2. Not claiming trader tax status—or claiming it when you are not entitled to it  

Active traders can save on average $5,000 or more using business expense treatment. That’s because business expenses are 100% deductible from gross income, whereas investment expenses are considered miscellaneous itemized deductions and are only deductible below the line and in excess of 2% of your adjusted gross income (AGI). Investment expenses are also added back for the Alternative Minimum Tax (AMT) calculation, which can eliminate the tax reduction originally generated by these expenses. In addition, filing as a business allows traders to claim home-office deductions, education expenses and startup costs, whereas investment expenses do not. Quite simply, missing out on trader status can cost you thousands of dollars in unnecessary taxes.

 

1. Failing to have a clear tax strategy

When you need a diagnostic on your medical condition you would seek your doctor’s advice. You might research your symptoms on the internet, but when it comes to picking the right medicine or medical procedure you would have the good sense to consult a professional. Although trader taxation may not be a matter of life and death, you still should seek the same expert advice. We’ll wrap by sharing a real story that demonstrates many of the tax mistakes traders make.

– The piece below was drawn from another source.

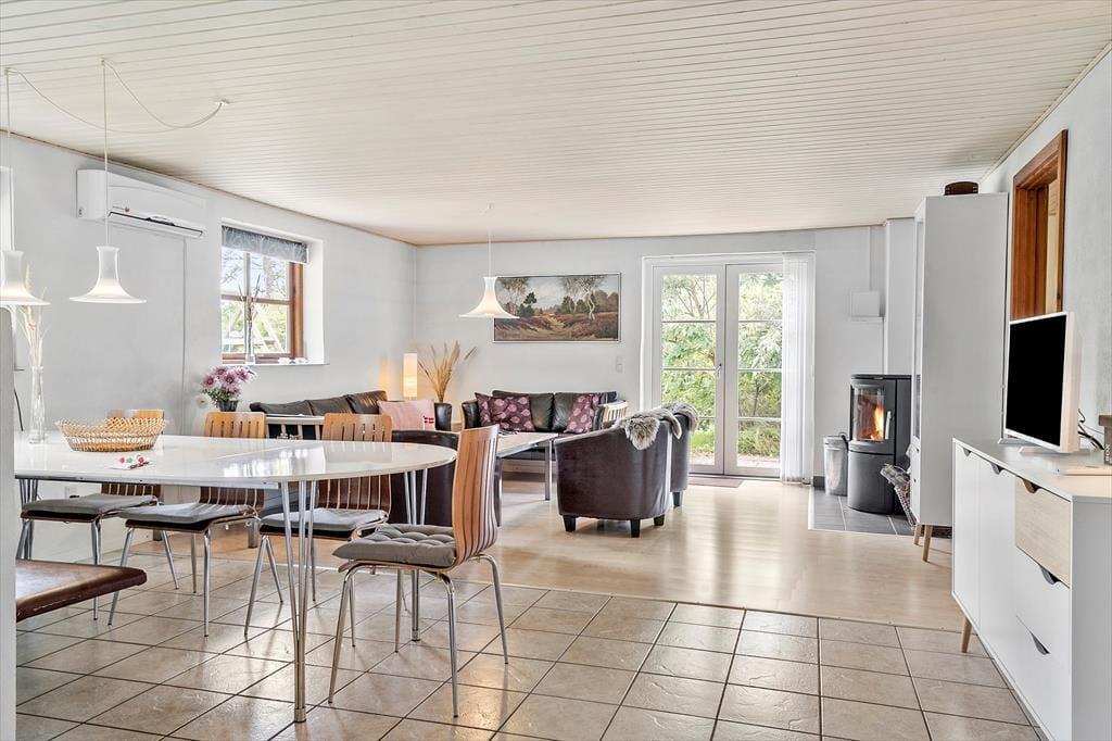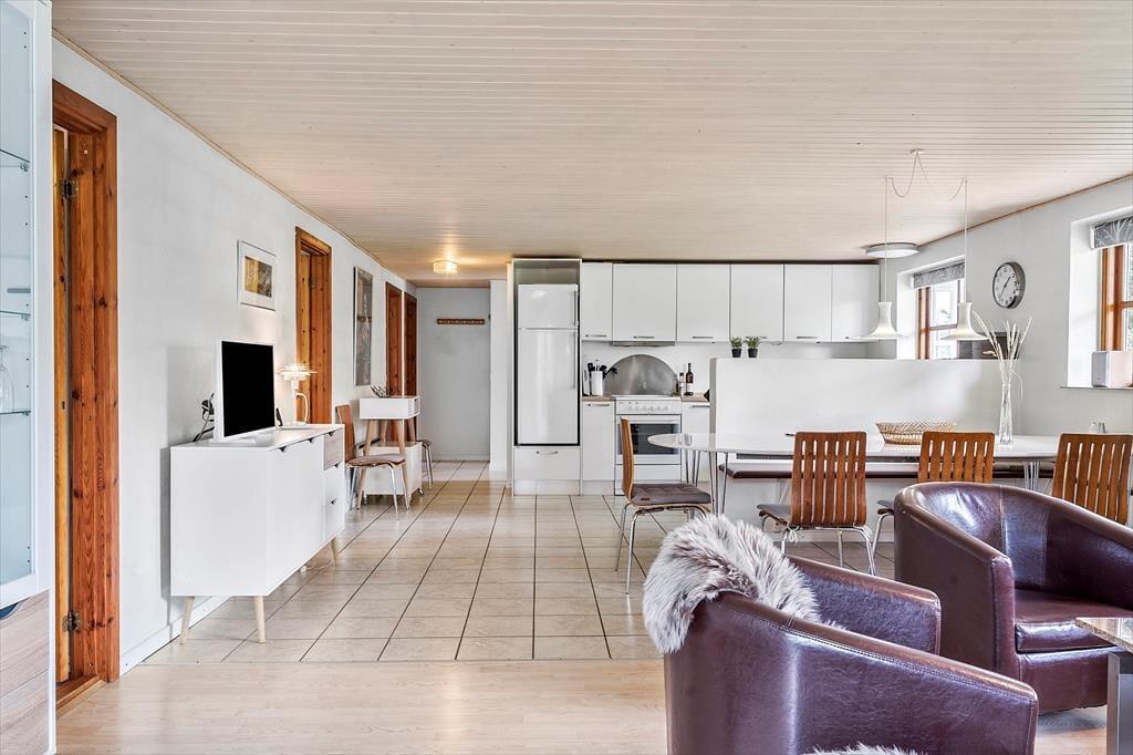 Smukke nøje udvalgte detaljer pryder det smukke feriehus og skaber en fantastisk rolig atmosfære, her kan I virkelig trække stikket og nyde den fantastiske ro der hersker over huset. Det skønne store køkkenalrum giver anledning til mange hyggelige stunder for hele familien, og står en af jer for aftensmaden mister I ikke kontakten til jeres familiemedlemmer. For ekstra hygge kan det anbefales at tænde op for den dejlige brændeovn og nyde varmen der spreder sig. Tænd op i husets skønne sauna og nyd dens varme der blidt omfavner jer.

Mr. A from southern California attended a seminar by an accounting firm claiming it specialized in trader taxation. The firm offered him a simple one size fits all solution for a small fee of $4,500. He decided to pass –but then adopted the firm’s recommendation and structured his own entity. That was his first mistake. He then filed his own return using an online tax preparation service. That was mistake #2, especially since he made a number of errors on the return and was audited by the IRS. Mr. A decided to be his own representative at the IRS—mistake #3. The IRS asked him to pay more than $76,000 in taxes and penalties. After his third strike, Mr. A made his first right decision, to seek advice from a professional tax service specializing in assisting traders. They not only helped him establish a clear strategy and a plan but even managed to bring his liability down to about $36,000—more than $40,000 in tax savings!

Benjamin Franklin once said, ‘By failing to prepare, you are preparing to fail.’ Before you start preparing your taxes, make sure you’re prepared. Making even one of these 10 trader tax mistakes could cost you plenty.